Honest assessment: The low R² values (0.014–0.022) indicate that the current pipeline explains very little variance in haemoglobin levels. The primary contributions are the validated 600-patient paired dataset, the end-to-end pipeline infrastructure, and the comparative evidence that conjunctival imaging outperforms buccal mucosa. These represent a foundation for deeper architectures, not a deployment-ready diagnostic.

Despite modest model performance, the contribution is infrastructural. This work establishes a reproducible, colour-calibrated capture protocol replicable across any smartphone; a curated dataset of 600 paired image–laboratory observations from a real clinical cohort; and evidence that palpebral conjunctiva provides a stronger imaging signal than buccal mucosa, guiding future research toward the more informative anatomical site.

In the context of postpartum haemorrhage triage, where any haemoglobin estimate — even approximate — outperforms having no information at all, a screening tool with MAE of ~1 g/dL could differentiate severe anaemia from normal levels, enabling triage decisions that currently rely on subjective pallor assessment alone.

Dataset & Infrastructure Contribution

600 standardised, colour-calibrated smartphone images paired with laboratory haemoglobin values from pregnant women in a resource-limited Indian clinical setting — a dataset designed for foundation model fine-tuning and transfer learning that could substantially improve on the classical ML baseline reported here.

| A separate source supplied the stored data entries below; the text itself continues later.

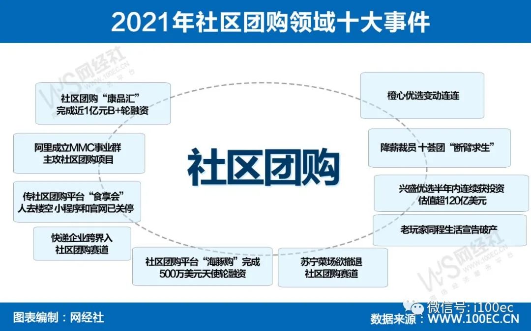 2021年,社区团购赛道上有起有落,兴盛优选半年内连续三次获投资、阿里成立MMC事业群主攻社区团购项目、老玩家同程生活宣布破产、呆萝卜停业、食享会人去楼空、十荟团裁员求生、橙心优选大幅亏损......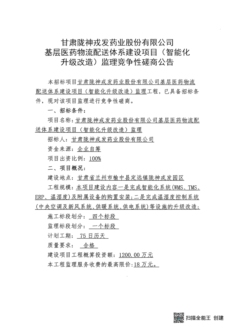甘肃陇神戎发药业股份有限公司基层医药物流配送体系建设项目(智能化升级改造)监理竞争性磋商公告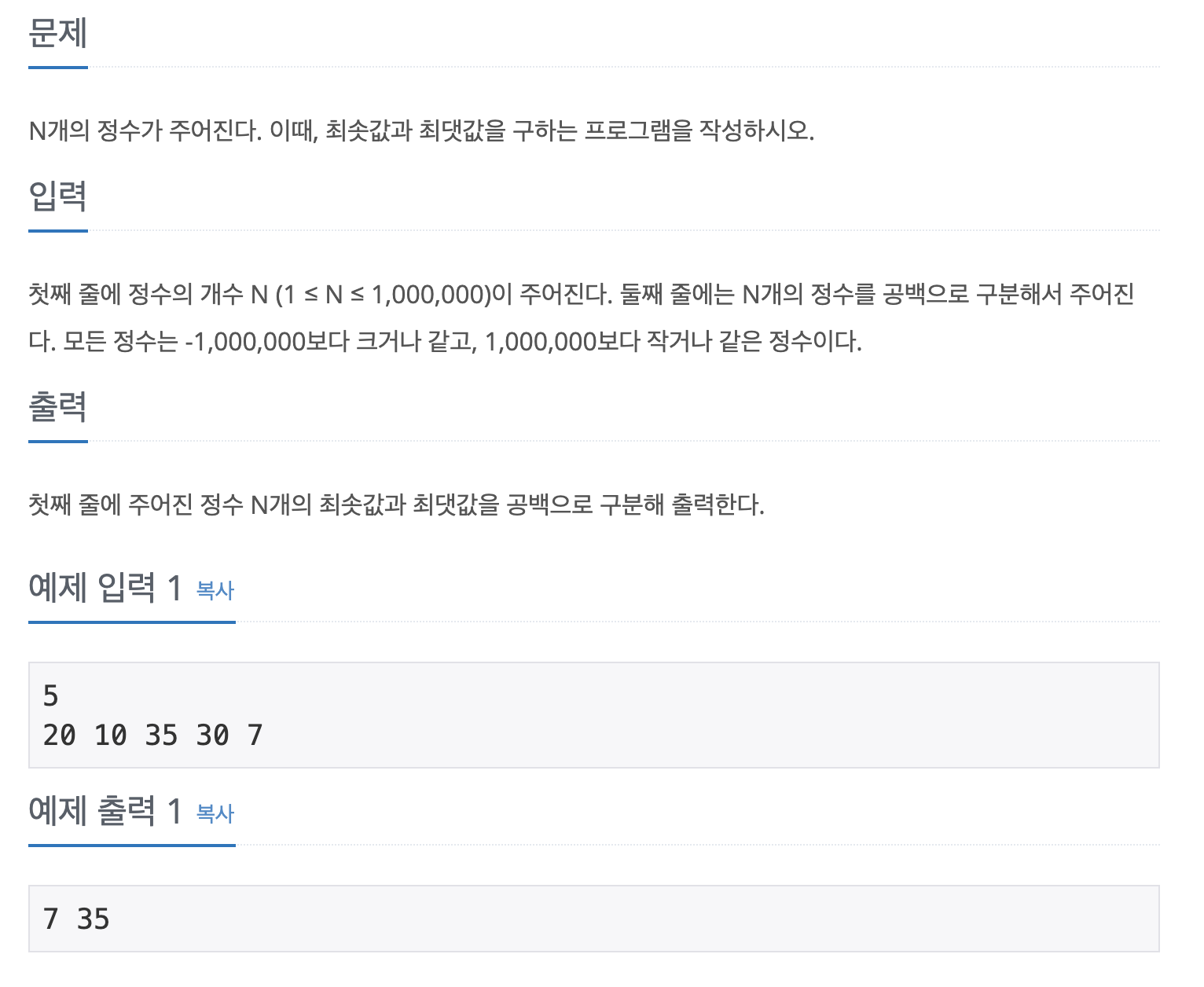 [백준 알고리즘] #10818번 : 배열/속도 향상 본문

The immediate next step is applying pretrained medical vision foundation models (BiomedCLIP, PubMedCLIP) via transfer learning, replacing handcrafted colour features with deep learned representations. We are also exploring whether a vision transformer fine-tuned on conjunctival images alone — without sociodemographic features — can outperform the current multi-modal pipeline, simplifying deployment to a single-photo screening tool.

Longer-term goals include multi-site validation across diverse populations and smartphone hardware, integration with the COGNIT semantic protocol for real-time triage transmission, and a prospective clinical trial comparing smartphone-based screening against standard laboratory testing in community health worker settings.